--- Data for analysis Enclosed Below ---

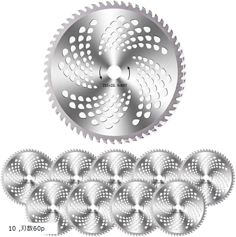 互換品草刈り機 チップソー 草刈り機の刃 替え刃 スチール 255mm 交換 用品 10枚セット(刃数60p 10枚セット)
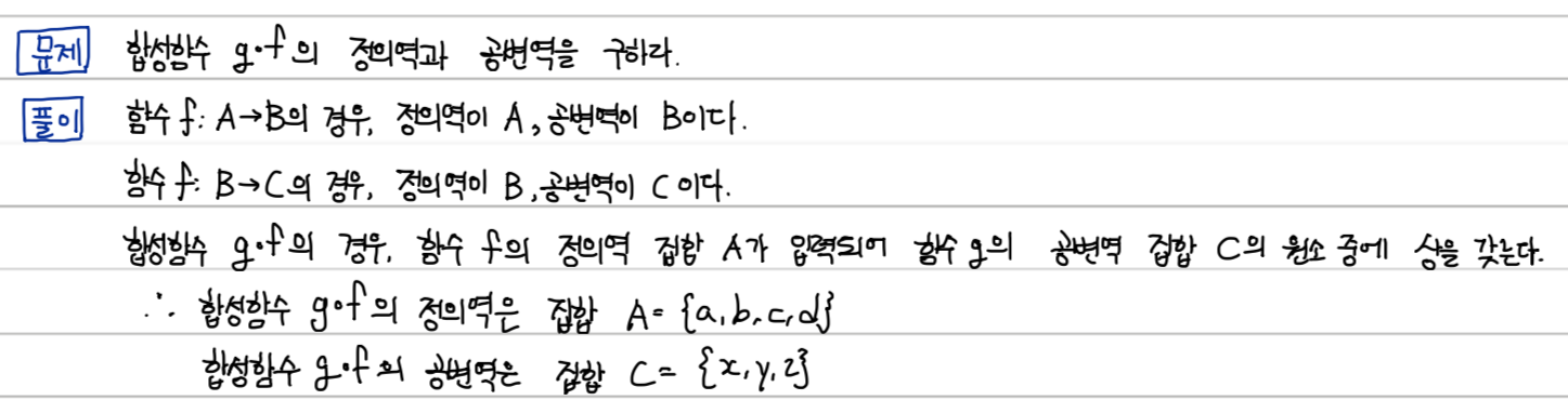 합성함수는 표기를 주의해야 합니다. g º f라면 x를 함수 f에서 먼저 처리하고 그 결과를 함수 g에서 처리하여 결과를 얻습니다.
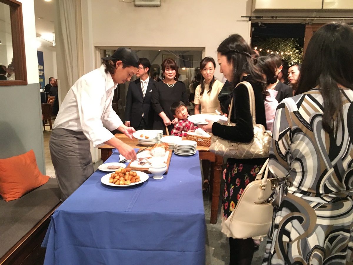 料理に関しては、実際に食事したことがありましたので、用意していただいたプランにあるもので十分満足できるものでした。特に店内の窯で焼くピッツァが有名で、間違いない味です!ピッツァ、アンティパスト、パスタ、メイン、ドルチェ、それぞれ数種用意してくださいました。当日は半立食のパーティーでしたが、イスも十分あり、みなさんくつろいでいただけました。ゲストの年齢層が幅広かったので、立食の気軽さも欲しいですが、座って休めるところも必要なので、ちょうど良かったです。
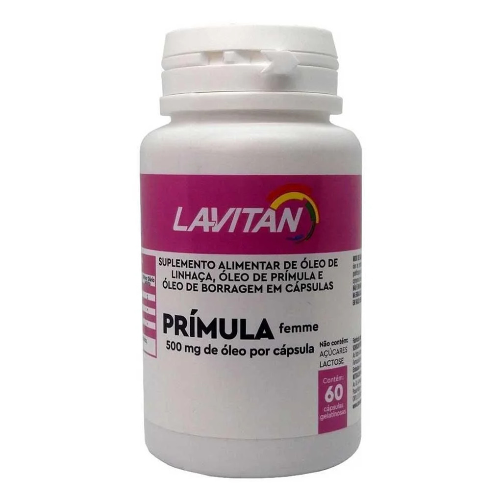 Lavitan Primula Femme 60 Cápsulas O Lavitan Prímula Femme é um suplemento alimentar em cápsulas, desenvolvido com uma fórmula exclusiva à base de óleo de prímula, óleo de semente de borragem e óleo de linhaça. Esses ingredientes naturais são conhecidos por seus benefícios para a saúde feminina, especialmente no equilíbrio hormonal e no bem-estar geral. Benefícios: Auxilia no equilíbrio hormonal, especialmente durante o ciclo menstrual e menopausa; Óleo de Semente de Borragem (Rico em ácido gama-linolênico), promove saúde da pele e combate inflamações; Fonte de ômega 3, ajuda na saúde cardiovascular e no equilíbrio hormonal. Suplemento ideal para mulheres que buscam melhorar o bem-estar físico e emocional. Fórmula rica em ácidos graxos essenciais, promovendo saúde da pele, equilíbrio hormonal e alívio de sintomas menstruais. Prático e fácil de incluir na rotina diária com 60 cápsulas. Garanta mais saúde e bem-estar com Lavitan Prímula Femme e aproveite os benefícios naturais dos óleos de prímula, borragem e linhaça!
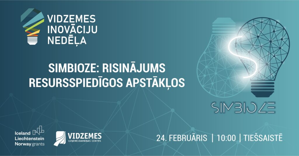 Konferenci “Simbioze: risinājums resursspiedīgos apstākļos” ceturtdien, 24. februārī, plkst. 10.00–13.15 varēs skatīties tiešraidē Vidzemes inovāciju nedēļas tīmekļvietnē innovation.vidzeme.lv , kur pieejama arī konferences programma un informācija par runātājiem.
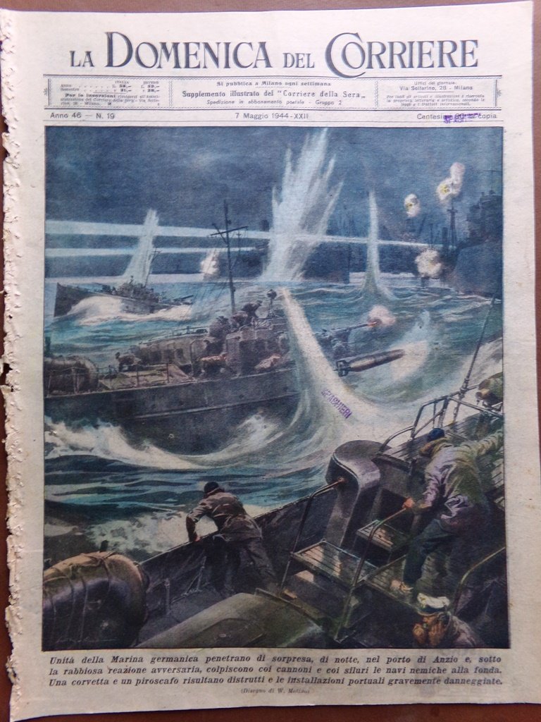 Unità della Marina germanica penetrano di sorpresa di notte nel porto di Anzio e, sotto la rabbiosa reazione avversaria, colpiscono coi cannoni e coi siluri le navi nemiche alla fonda. Una corvetta e un piroscafo risultano distrutti e le installazioni portuali gravemente danneggiate (Walter Molino)

--- End of Enclosed Data for analysis ---

### Instructions for the task:
Copy exactly, and only, the lines running from the one containing "Lavitan Primula Femme" through the final line of the data, and omit the pictures.

### Answer below:
 Lavitan Primula Femme 60 Cápsulas O Lavitan Prímula Femme é um suplemento alimentar em cápsulas, desenvolvido com uma fórmula exclusiva à base de óleo de prímula, óleo de semente de borragem e óleo de linhaça. Esses ingredientes naturais são conhecidos por seus benefícios para a saúde feminina, especialmente no equilíbrio hormonal e no bem-estar geral. Benefícios: Auxilia no equilíbrio hormonal, especialmente durante o ciclo menstrual e menopausa; Óleo de Semente de Borragem (Rico em ácido gama-linolênico), promove saúde da pele e combate inflamações; Fonte de ômega 3, ajuda na saúde cardiovascular e no equilíbrio hormonal. Suplemento ideal para mulheres que buscam melhorar o bem-estar físico e emocional. Fórmula rica em ácidos graxos essenciais, promovendo saúde da pele, equilíbrio hormonal e alívio de sintomas menstruais. Prático e fácil de incluir na rotina diária com 60 cápsulas. Garanta mais saúde e bem-estar com Lavitan Prímula Femme e aproveite os benefícios naturais dos óleos de prímula, borragem e linhaça!
 Konferenci “Simbioze: risinājums resursspiedīgos apstākļos” ceturtdien, 24. februārī, plkst. 10.00–13.15 varēs skatīties tiešraidē Vidzemes inovāciju nedēļas tīmekļvietnē innovation.vidzeme.lv , kur pieejama arī konferences programma un informācija par runātājiem.
 Unità della Marina germanica penetrano di sorpresa di notte nel porto di Anzio e, sotto la rabbiosa reazione avversaria, colpiscono coi cannoni e coi siluri le navi nemiche alla fonda. Una corvetta e un piroscafo risultano distrutti e le installazioni portuali gravemente danneggiate (Walter Molino)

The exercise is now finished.